● **WHAT TO DO**
Leaving pictures aside, set down each line exactly, from the first line of the data to the line with "Lief eierdopje met", both included.

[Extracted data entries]
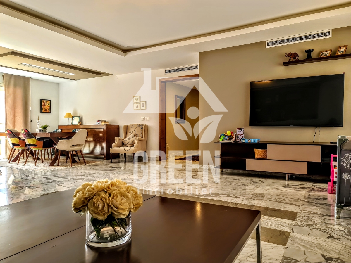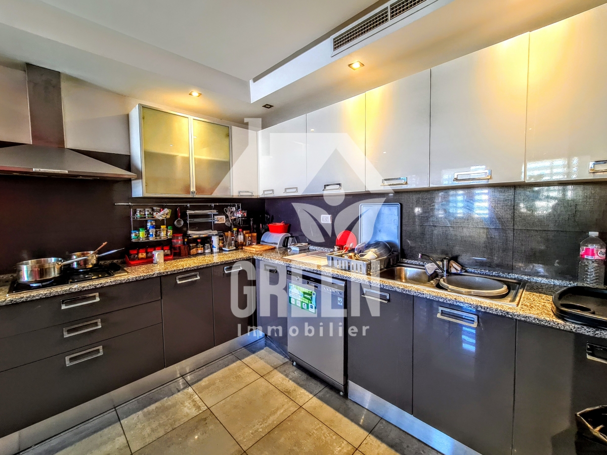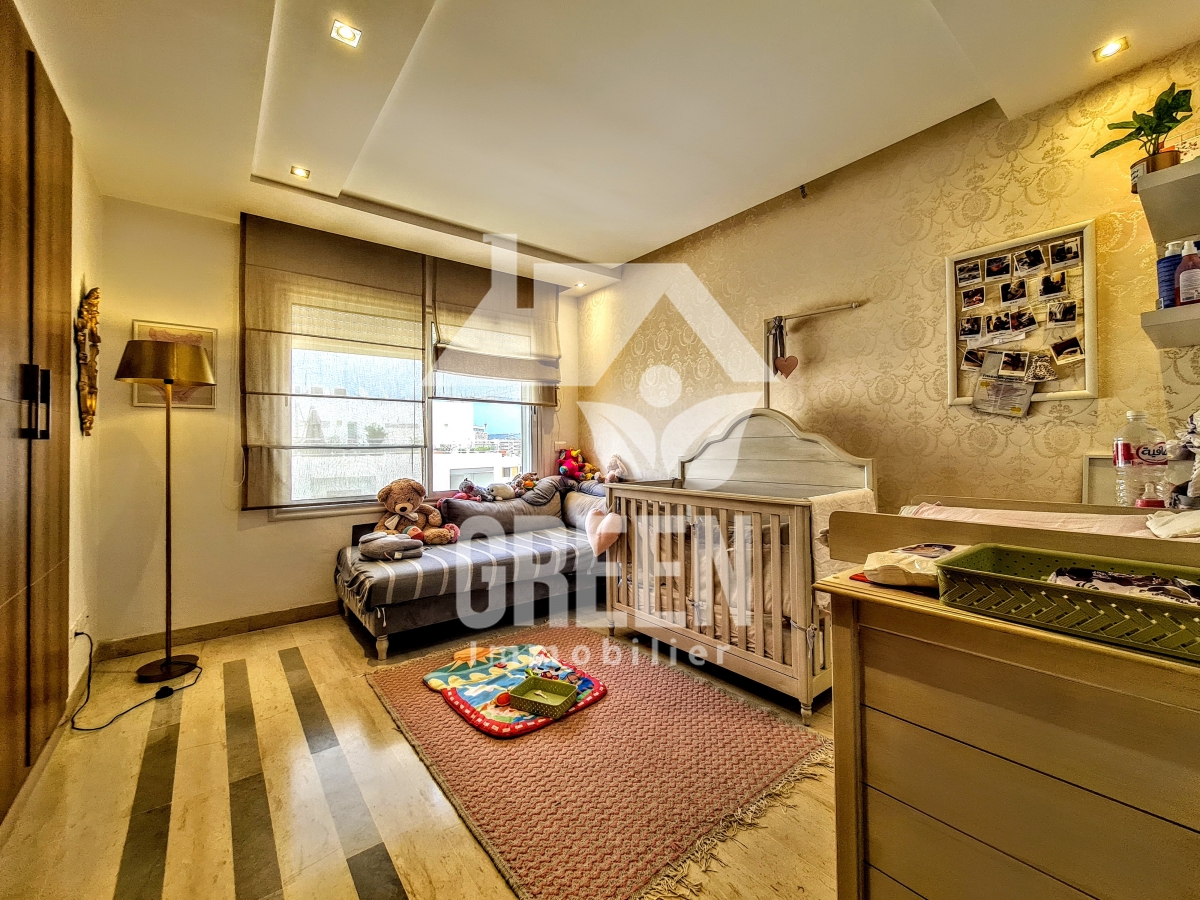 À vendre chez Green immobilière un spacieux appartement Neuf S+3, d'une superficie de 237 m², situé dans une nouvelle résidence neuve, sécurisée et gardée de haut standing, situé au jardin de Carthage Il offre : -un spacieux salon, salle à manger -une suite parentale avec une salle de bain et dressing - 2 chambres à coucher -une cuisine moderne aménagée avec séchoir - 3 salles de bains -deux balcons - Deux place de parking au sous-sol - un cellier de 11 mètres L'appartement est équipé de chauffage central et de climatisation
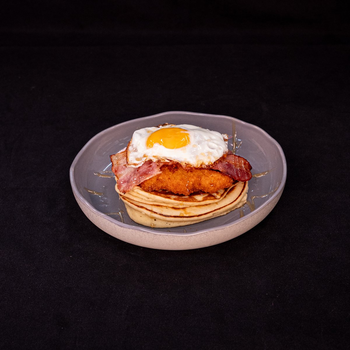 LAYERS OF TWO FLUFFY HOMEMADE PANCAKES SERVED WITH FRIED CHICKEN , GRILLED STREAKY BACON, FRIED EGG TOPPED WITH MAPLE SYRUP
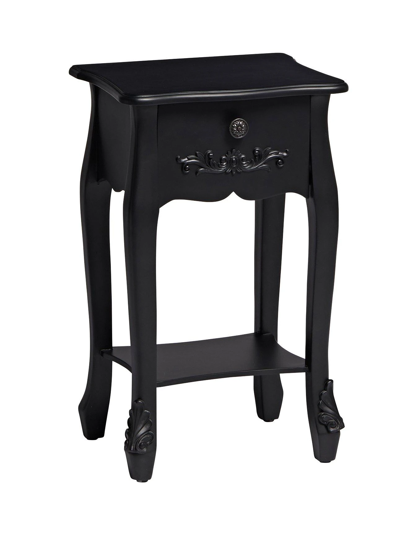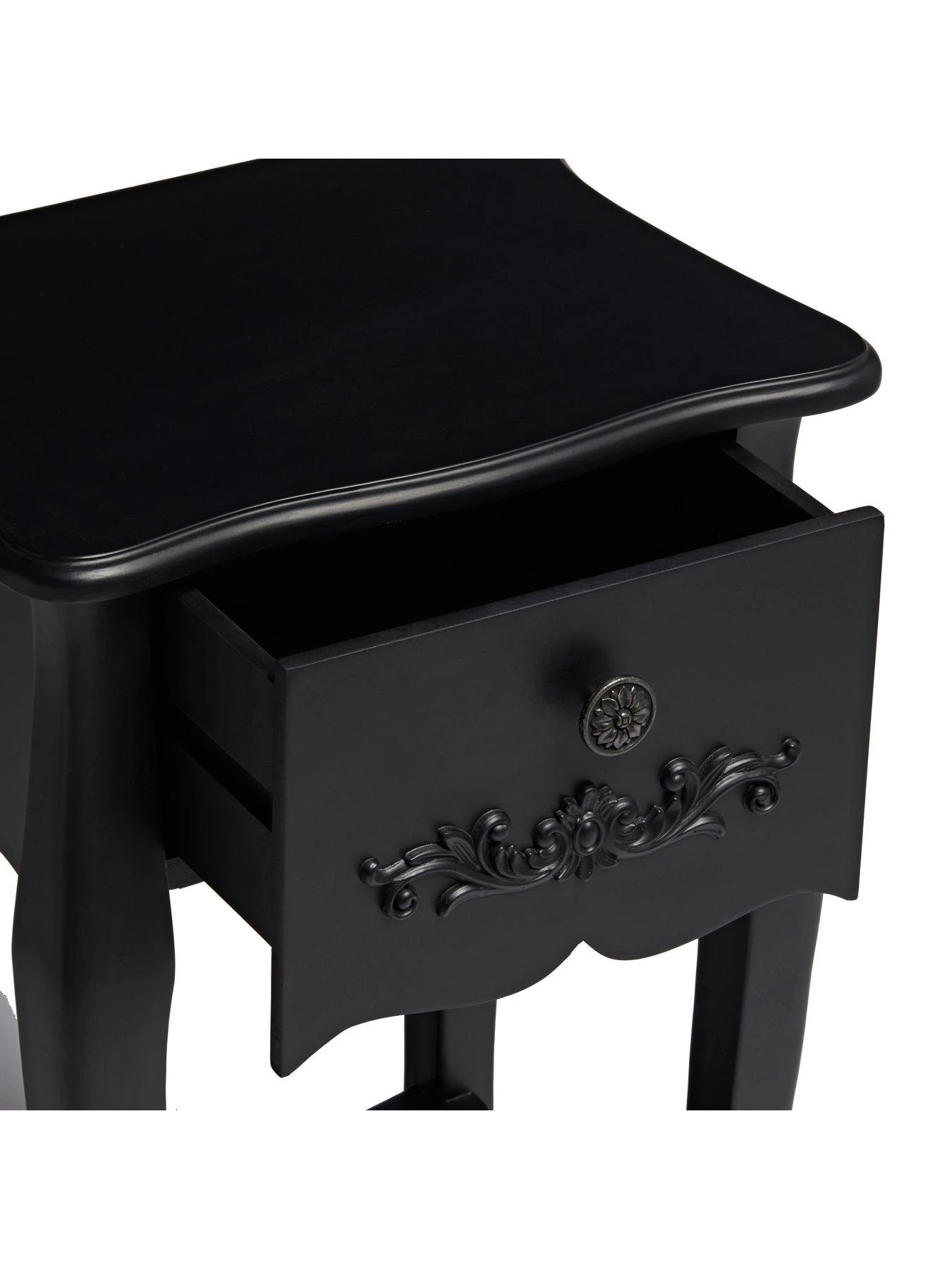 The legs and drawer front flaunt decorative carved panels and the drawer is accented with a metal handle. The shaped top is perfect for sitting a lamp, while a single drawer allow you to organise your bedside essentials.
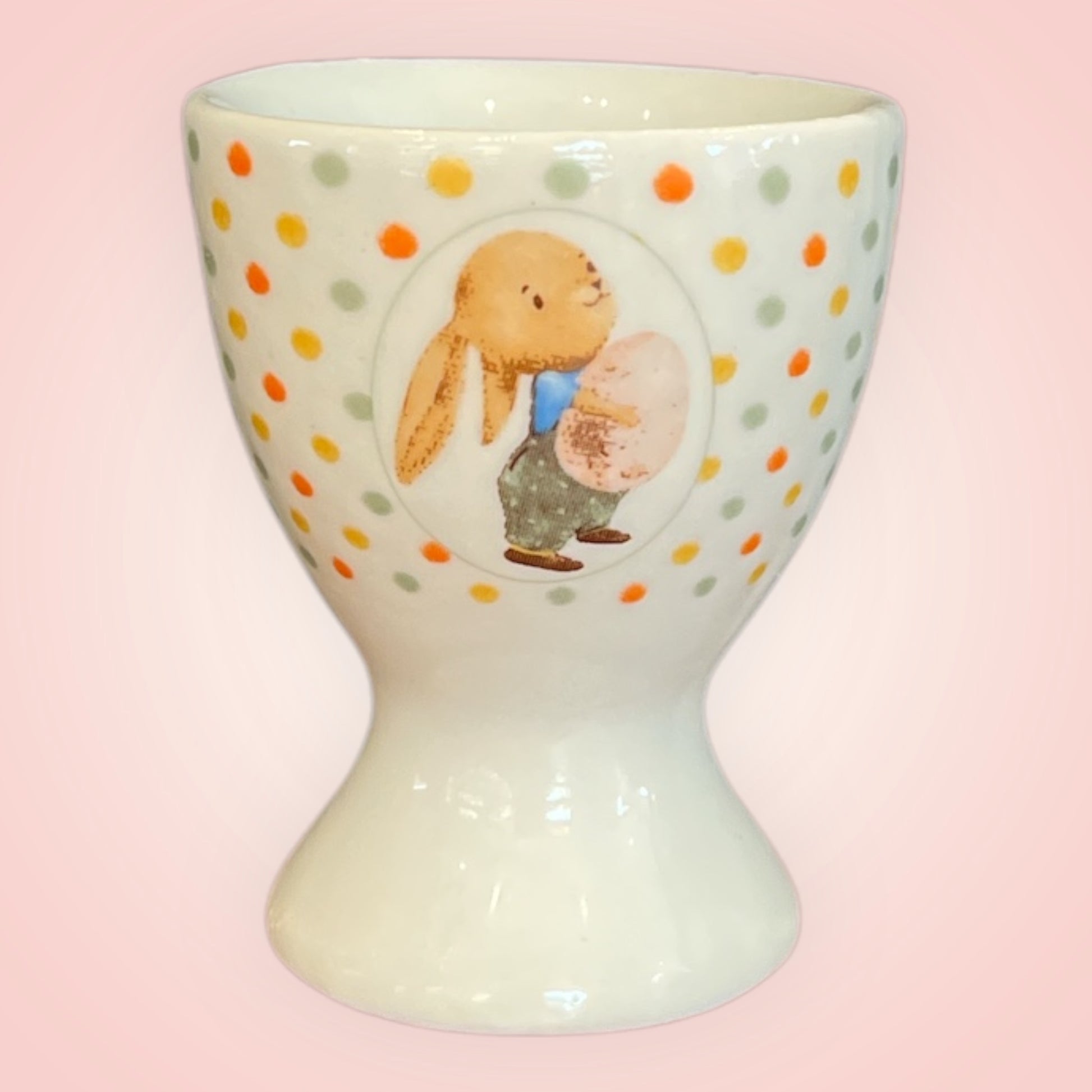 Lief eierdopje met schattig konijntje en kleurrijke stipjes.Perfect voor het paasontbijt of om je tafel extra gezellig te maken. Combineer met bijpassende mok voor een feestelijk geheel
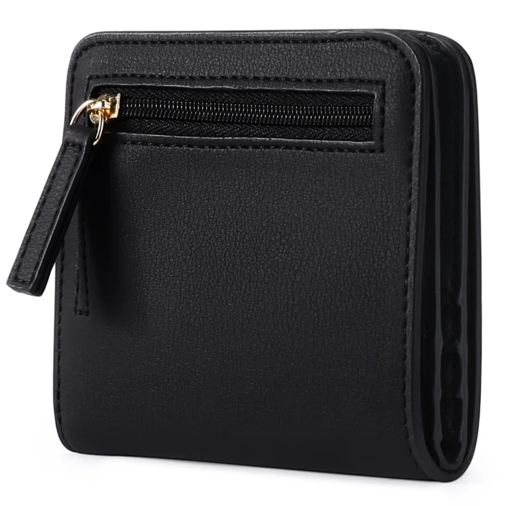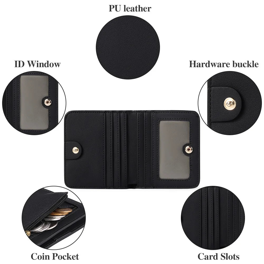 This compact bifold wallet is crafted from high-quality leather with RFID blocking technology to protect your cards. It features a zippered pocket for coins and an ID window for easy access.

● **OUTPUT OF THE TASK**
 À vendre chez Green immobilière un spacieux appartement Neuf S+3, d'une superficie de 237 m², situé dans une nouvelle résidence neuve, sécurisée et gardée de haut standing, situé au jardin de Carthage Il offre : -un spacieux salon, salle à manger -une suite parentale avec une salle de bain et dressing - 2 chambres à coucher -une cuisine moderne aménagée avec séchoir - 3 salles de bains -deux balcons - Deux place de parking au sous-sol - un cellier de 11 mètres L'appartement est équipé de chauffage central et de climatisation
 LAYERS OF TWO FLUFFY HOMEMADE PANCAKES SERVED WITH FRIED CHICKEN , GRILLED STREAKY BACON, FRIED EGG TOPPED WITH MAPLE SYRUP
 The legs and drawer front flaunt decorative carved panels and the drawer is accented with a metal handle. The shaped top is perfect for sitting a lamp, while a single drawer allow you to organise your bedside essentials.
 Lief eierdopje met schattig konijntje en kleurrijke stipjes.Perfect voor het paasontbijt of om je tafel extra gezellig te maken. Combineer met bijpassende mok voor een feestelijk geheel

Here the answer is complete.